=== Task description ===
Locate the line containing "Alpaster (Swedish), Alpen-Aster" in the entries below, then retype it and every later line exactly, leaving out pictures.

(Data items)
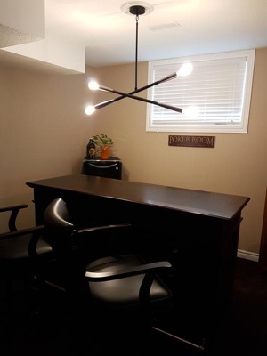 Easy to install. Looks amazing above our bar. Now we are going to get the accent one for above the poker table
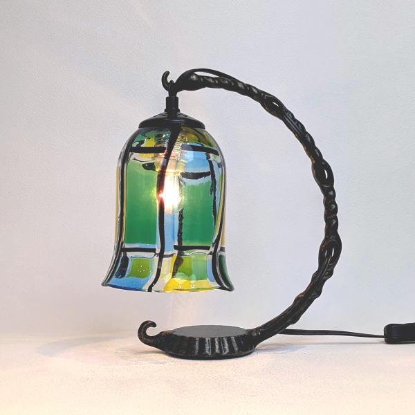 透明感あふれるベネチアングラステーブルランプです。ブルーとグリーン、イエローの爽やかな雰囲気です。
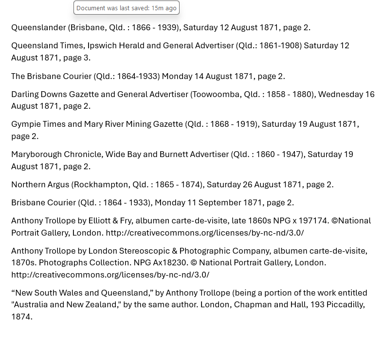 One can imagine that “New South Wales and Queensland” was rather anxiously consumed by Mr Trollope’s former hosts. It was a very thorough and considered examination of Australia, full of information and statistics. It discussed land ownership, the economy, social structure, legislation, politics and society.
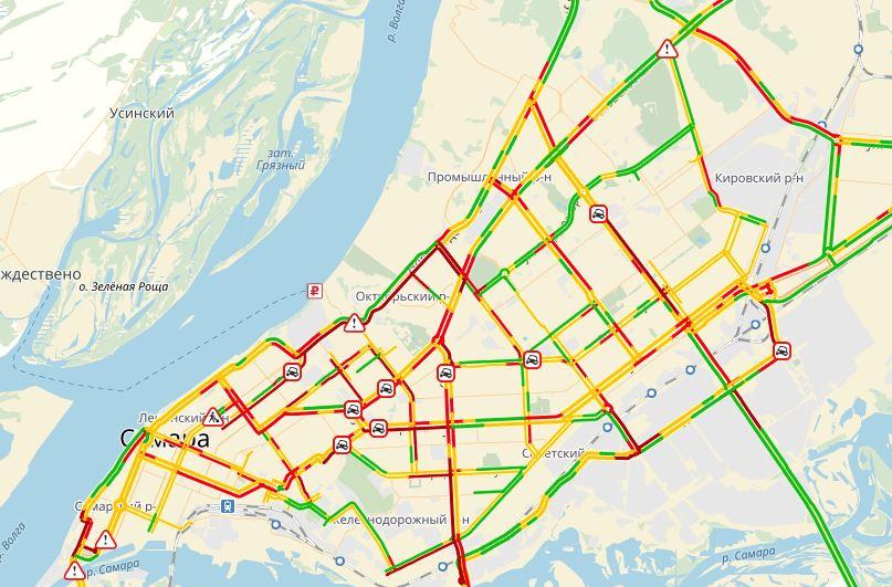 Уже сейчас основные дорожные артерии областной столицы практически полностью парализованы: по улице Ново-Садовой и Московскому шоссе транспортный поток движется со скоростью всего 3-5 км/ч. Также сильно затруднено движение по улицам Советской Армии, Ново-Вокзальной, Тухаческого, Полевой, Водников, Кутякова, Крупской и по проспекту Кирова.
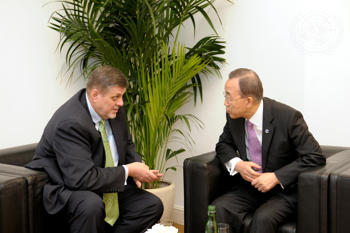 Secretary-General Ban Ki-moon (right) meets with Jan Kubis, his Special Representative for Afghanistan and Head of the UN Assistance Mission in Afghanistan (UNAMA), in Vienna, Austria.
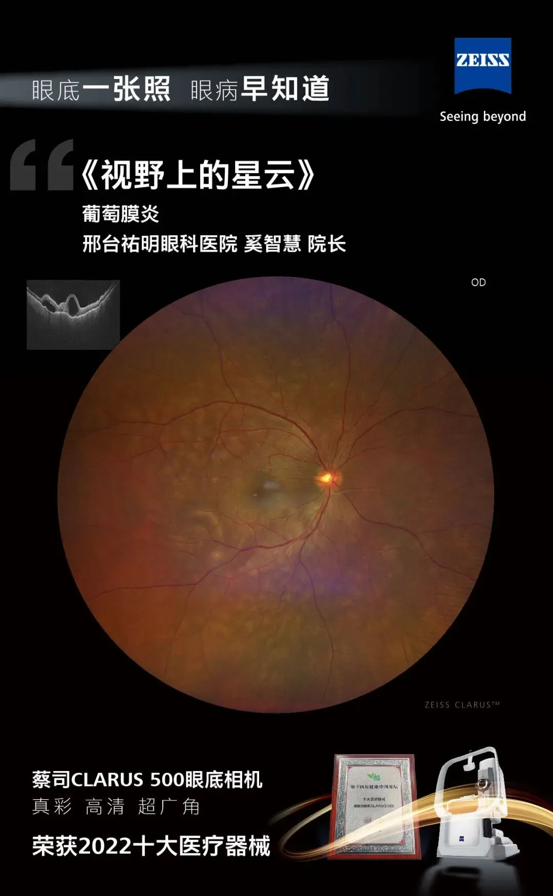 作为邢台首家启用该设备的眼科机构,我院奚智慧院长带领团队,依托国际光学巨头蔡司技术实现葡萄膜炎的精准诊断与针对性治疗,此次影像入选更是对我院诊疗实力的认可。
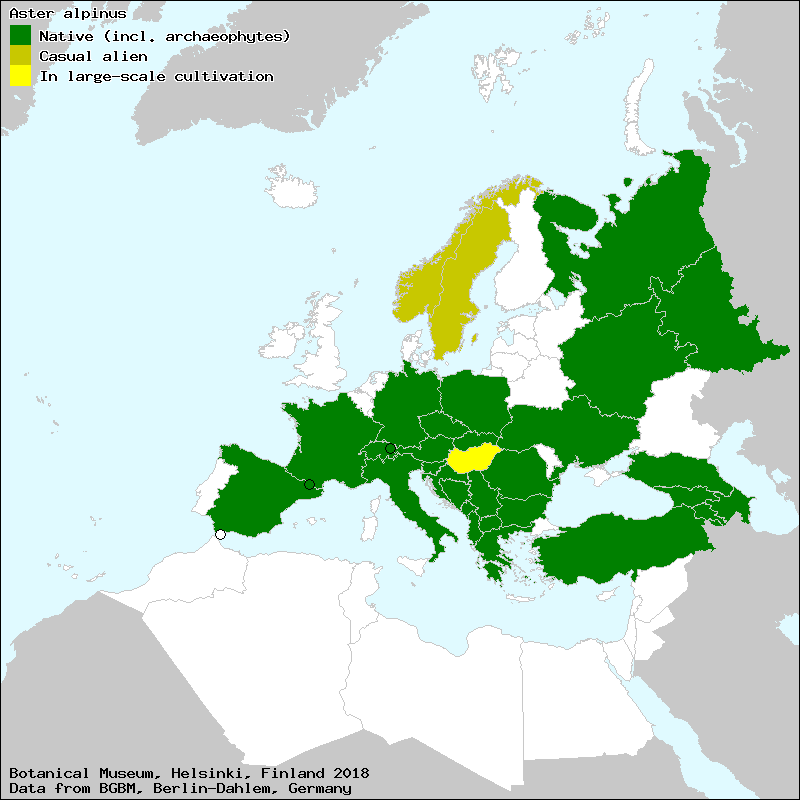 Alpaster (Swedish), Alpen-Aster (German), Alpska nebina (Slovene), Aster alpejski (Polish), Aster alpin (Albanian), Aster des Alpes (French), Astra alpínska (Slovak), Astro alpino (Italian), Hvězdnice alpská (Czech), Айстра альпiйська (Ukraine), Алп астер (Azerbaijan), Алпийски звездел (Bulgarian), Астра альпийская (Russian), Աստղածաղիկ ալպիական (Armenian), aster (Spanish, Castillian), àster alpí (Catalan), manzanilla de pastor (Spanish, Castillian)[Credits] |
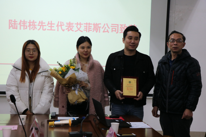 分团委书记杨艳、教师胡燕萍、江苏艾菲斯医院管理有限公司代表陆伟栋、无锡安达汽车综合性能检测有限公司代表陈志刚以及受助学生参加颁奖仪式。颁奖仪式由学院分团委副书记张圆老师主持。
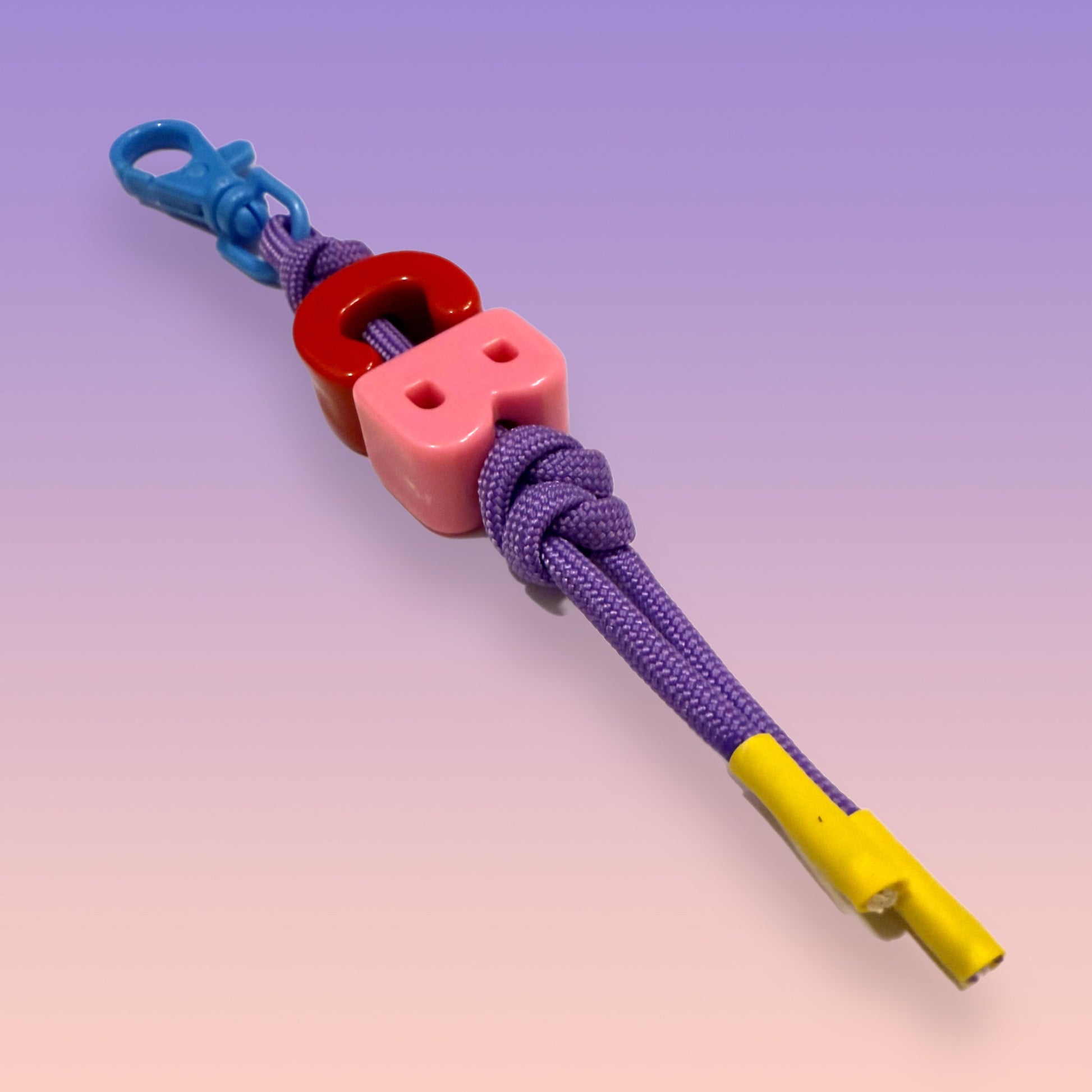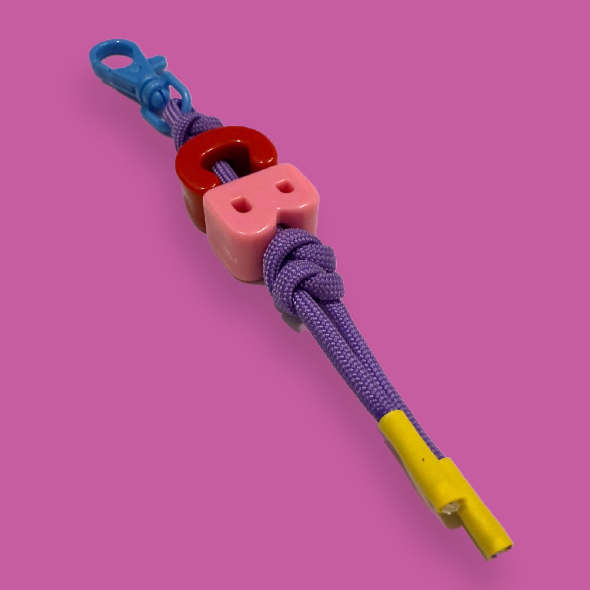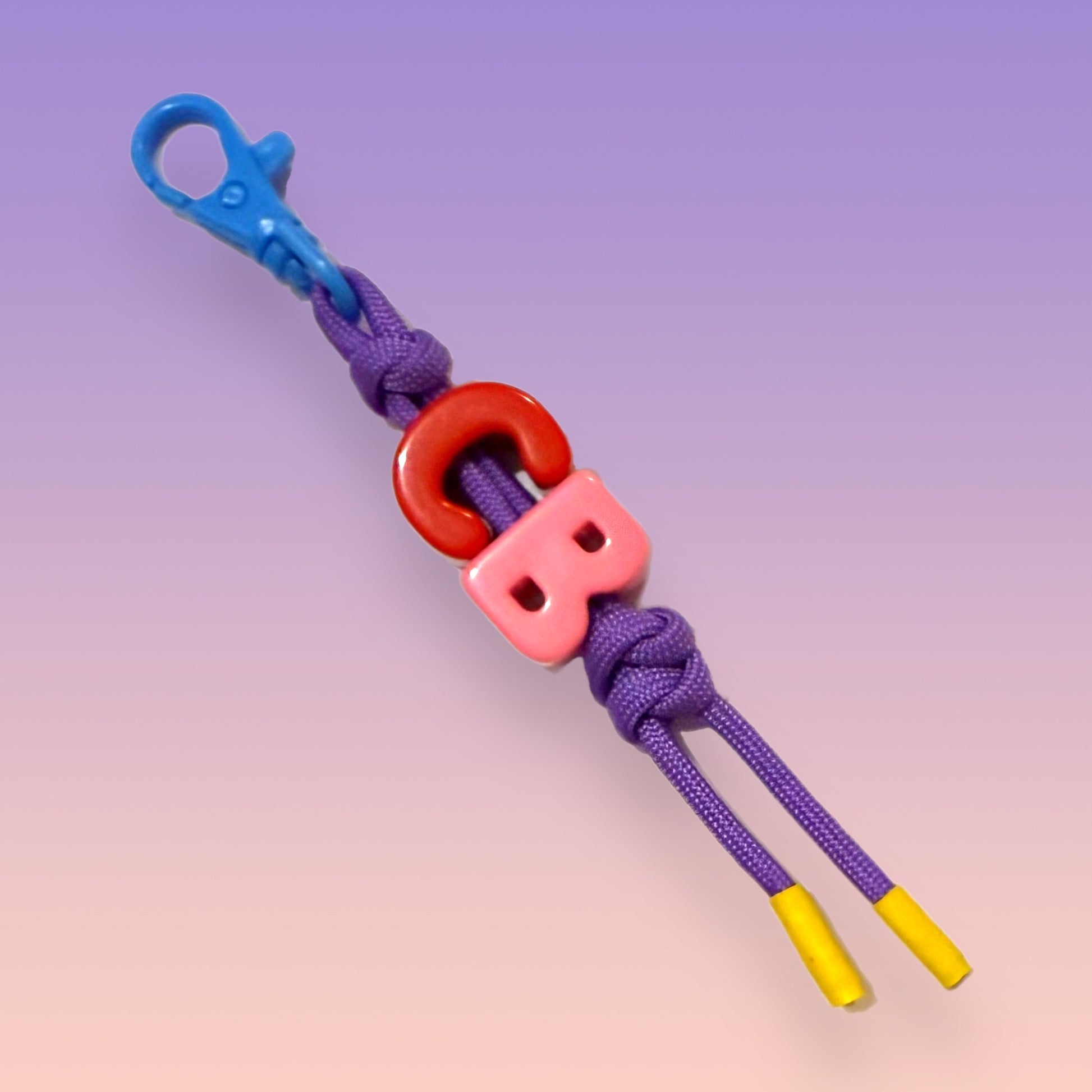 Hanging Bag charm or keyring with plastic chunky letters with your name. Personalisable, provide your initials in the order notes at checkout up to 3 letters.

=== Response below ===
 Alpaster (Swedish), Alpen-Aster (German), Alpska nebina (Slovene), Aster alpejski (Polish), Aster alpin (Albanian), Aster des Alpes (French), Astra alpínska (Slovak), Astro alpino (Italian), Hvězdnice alpská (Czech), Айстра альпiйська (Ukraine), Алп астер (Azerbaijan), Алпийски звездел (Bulgarian), Астра альпийская (Russian), Աստղածաղիկ ալպիական (Armenian), aster (Spanish, Castillian), àster alpí (Catalan), manzanilla de pastor (Spanish, Castillian)[Credits] |
 分团委书记杨艳、教师胡燕萍、江苏艾菲斯医院管理有限公司代表陆伟栋、无锡安达汽车综合性能检测有限公司代表陈志刚以及受助学生参加颁奖仪式。颁奖仪式由学院分团委副书记张圆老师主持。
 Hanging Bag charm or keyring with plastic chunky letters with your name. Personalisable, provide your initials in the order notes at checkout up to 3 letters.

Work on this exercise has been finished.